Monday, June 5, 2006

Arn Chorn-Pond - keeping alive tradition

The spotlight today falls on Arn Chorn-Pond and his determined efforts to keep alive traditional Cambodian arts through the Cambodian Living Arts project. As a child under the Khmer Rouge regime, Arn's ability to play the flute saved his life, before he was adopted and moved to the United States. He later spent ten years as a human rights speaker and peace activist for Amnesty International and started an anti-gang program in Lowell and a community service program back in Cambodia. After a visit to his homeland in 1996, Arn turned his focus on music and formed the Master Performers program - supporting the musicians ('masters') who survived the KR era when as many as nine out of ten performers perished - as part of the wider Cambodian Living Arts project.

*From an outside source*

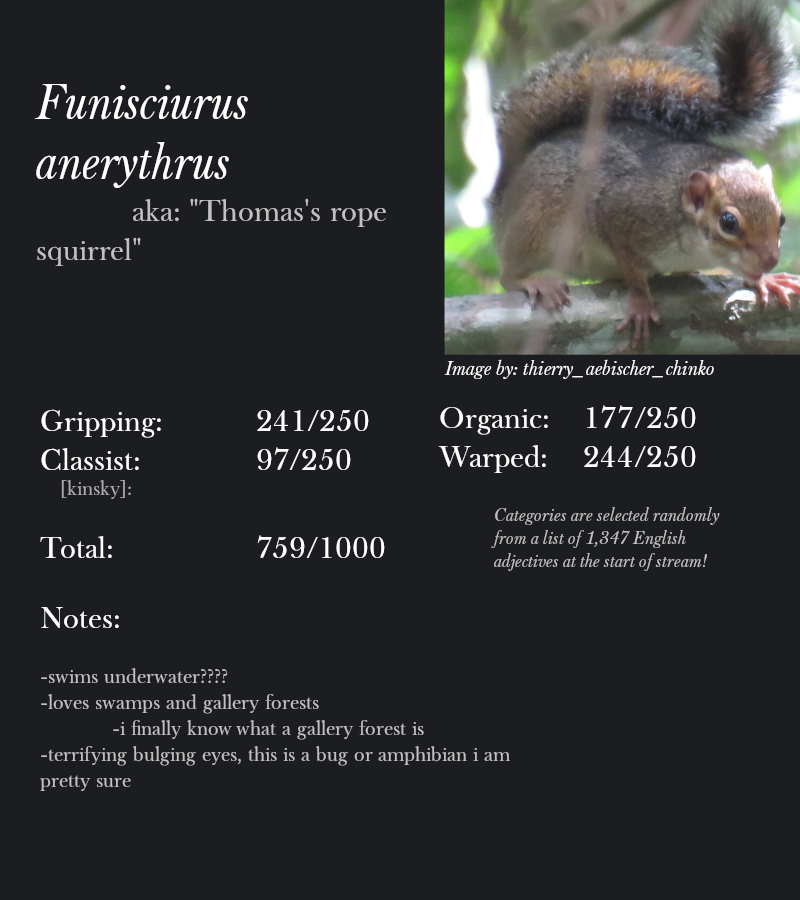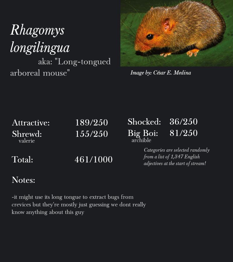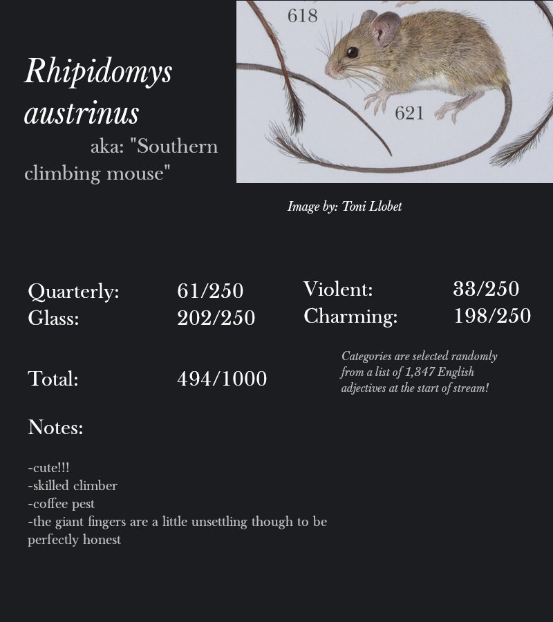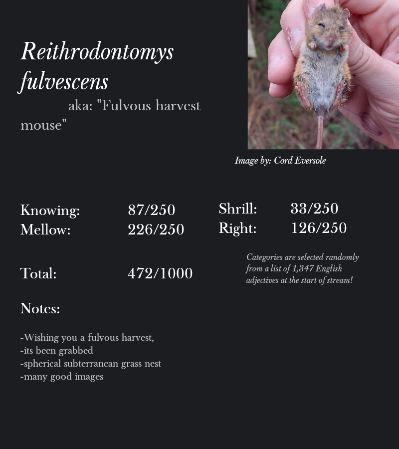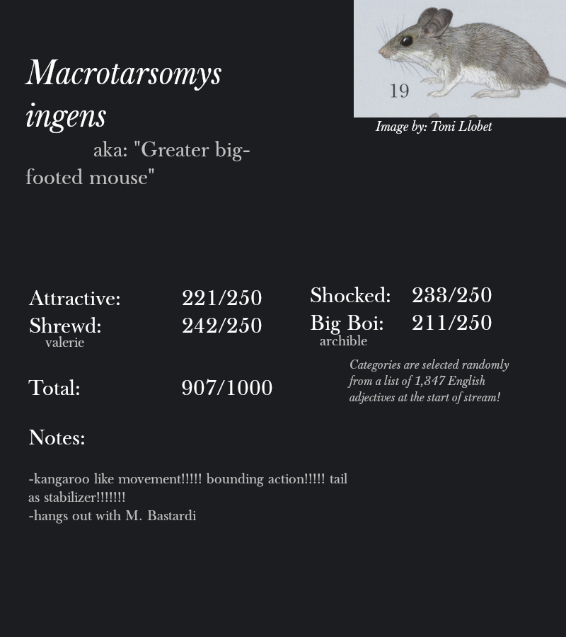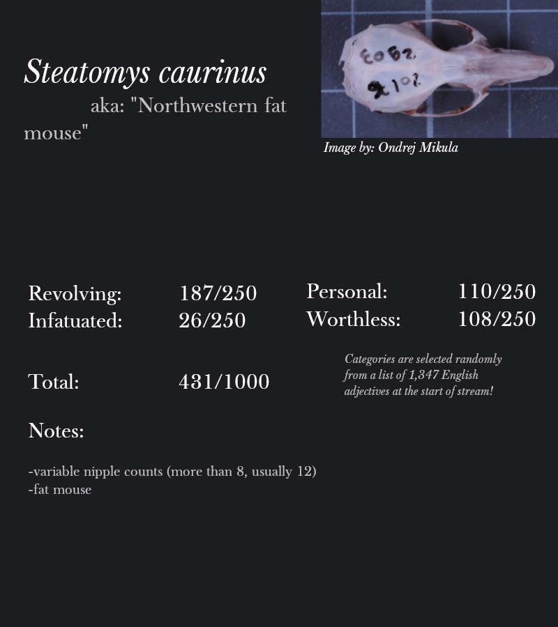 I stream mammal reviews every Monday and Saturday at 4pm Pacific on twitch!
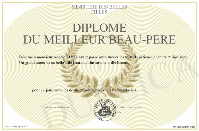 Envoyez par email votre Diplôme du meilleur beau-père personalisé

Arn (pictured) was the subject of a documentary film called The Flute Player in 2003 and his dream of reviving traditional arts in Cambodia is bearing fruit as CLA goes from strength to strength. Now in its seventh year, in partnership with World Education, they currently support hundreds of art students and teachers throughout the country, as well as teaching, recording and performing programs that encourage traditional music, opera, dance and much more, to flourish. A key step forward is their capture of a three-storey building in Phnom Penh where three masters and their families can live and accommodate classes for over 100 students, and which will act as CLA's first cultural center.